Higher derivative: Difference between revisions

Definition

Terminology

Higher derivatives are also called repeated derivatives or iterated derivatives.

Function and prime notation

Suppose ${\displaystyle f}$ is a function and ${\displaystyle k}$ is a nonnegative integer. The ${\displaystyle k^{th}}$ derivative of ${\displaystyle f}$, denoted ${\displaystyle f^{(k)}}$ or ${\displaystyle f^{'''\dots '}}$ where ${\displaystyle {}^{'}}$ occurs a total of ${\displaystyle k}$ times, is defined as the function obtained by differentiating ${\displaystyle f}$ a total of ${\displaystyle k}$ times (i.e., taking the derivative, then taking the derivative of that, and so on, a total of ${\displaystyle k}$ times).

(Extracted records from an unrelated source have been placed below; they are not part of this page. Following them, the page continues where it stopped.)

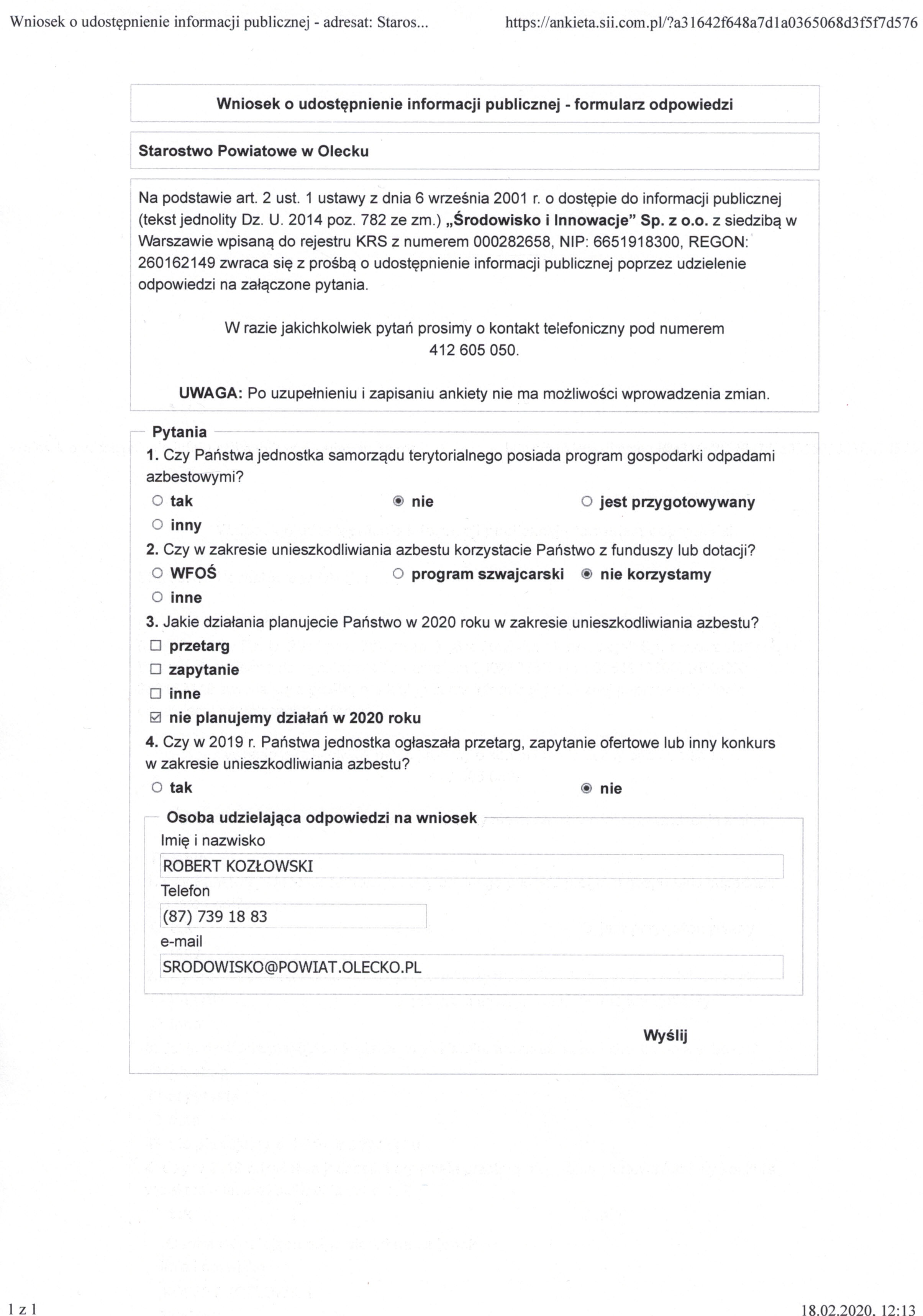 Wniosek o udostępnienie informacji publicznej dotyczący prac związanych z usuwaniem i unieszkodliwianiem azbestu w roku 2019 wniosek wraz z odpowiedzią do pobrania w załącznikach poniżej
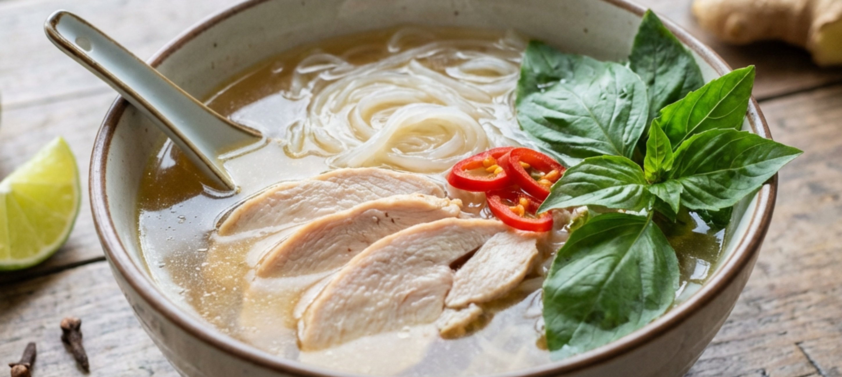 - 1Taie ghimbirul felii subțiri. Fierbe supa la foc mic împreună cu ghimbirul, anasonul stelat, cuișorul și scorțișoara timp de 30 de minute. Strecoară condimentele.
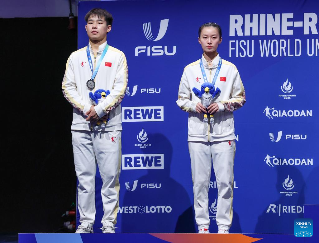 Silver medalists Zeng Beixun/Han Feier (R) of China react during the awarding ceremony of the table tennis mixed doubles event at the Rhine-Ruhr 2025 FISU World University Games in Essen, Germany, July 22, 2025. (Xinhua/Zhang Fan)
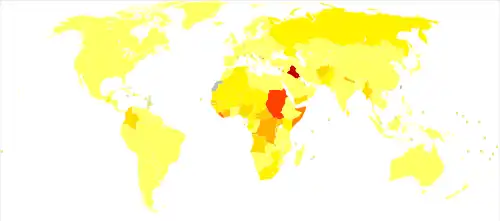 During Napoleon's retreat from Moscow, more French military personnel died of typhus than were killed by the Russians.[98] Of the 450,000 soldiers who crossed the Neman on 25 June 1812, less than 40,000 returned. More military personnel were killed from 1500 to 1914 by typhus than from military action.[99] In addition, if it were not for modern medical advances there would be thousands more dead from disease and infection. For instance, during the Seven Years' War, the Royal Navy reported it conscripted 184,899 sailors, of whom 133,708 (72%) died of disease or were 'missing'.[100] It is estimated that between 1985 and 1994, 378,000 people per year died due to war.[101]

The first few cases are shown explicitly:

Value of ${\displaystyle k}$	Notation with repeated primes for ${\displaystyle f^{(k)}}$	${\displaystyle f^{(k)}}$ notation	Definition	In words
0	${\displaystyle \!f}$	${\displaystyle \!f^{(0)}}$	${\displaystyle \!f}$	the original function
1	${\displaystyle \!f'}$	${\displaystyle \!f^{(1)}}$	${\displaystyle \!f'}$	the derivative, also called the first derivative
2	${\displaystyle \!f''}$	${\displaystyle \!f^{(2)}}$	${\displaystyle \!(f')^{'}}$	the second derivative
3	${\displaystyle \!f'''}$	${\displaystyle \!f^{(3)}}$	${\displaystyle \!((f')^{'})^{'}}$	the third derivative

We could also define the ${\displaystyle k^{th}}$ derivative inductively as:

${\displaystyle \!f^{(k)}=(f^{(k-1)})^{'}}$

or as:

${\displaystyle \!f^{(k)}=(f')^{(k-1)}}$

with the base case ${\displaystyle f^{(0)}=f}$.

Leibniz notation

Suppose ${\displaystyle y=f(x)}$, so ${\displaystyle y}$ is a dependent variable depending on ${\displaystyle x}$, the independent variable. The ${\displaystyle k^{th}}$ derivative of ${\displaystyle y}$ with respect to ${\displaystyle x}$ is denoted:

${\displaystyle \!{\frac {d^{k}}{(dx)^{k}}}y}$

or as:

${\displaystyle \!{\frac {d^{k}y}{dx^{k}}}}$

and is defined as:

${\displaystyle \!{\frac {d^{k}y}{dx^{k}}}={\frac {d}{dx}}\left[{\frac {d}{dx}}\left[\dots \left[{\frac {d}{dx}}(y)\right]\dots \right]\right]}$

where the ${\displaystyle d/dx}$ occurs ${\displaystyle k}$ times. Alternatively we can define it inductively as:

${\displaystyle \!{\frac {d^{k}y}{dx^{k}}}={\frac {d}{dx}}{\frac {d^{k-1}y}{dx^{k-1}}}}$

with the base case ${\displaystyle k=0}$ being defined as ${\displaystyle {\frac {d^{0}y}{dx^{0}}}=y}$.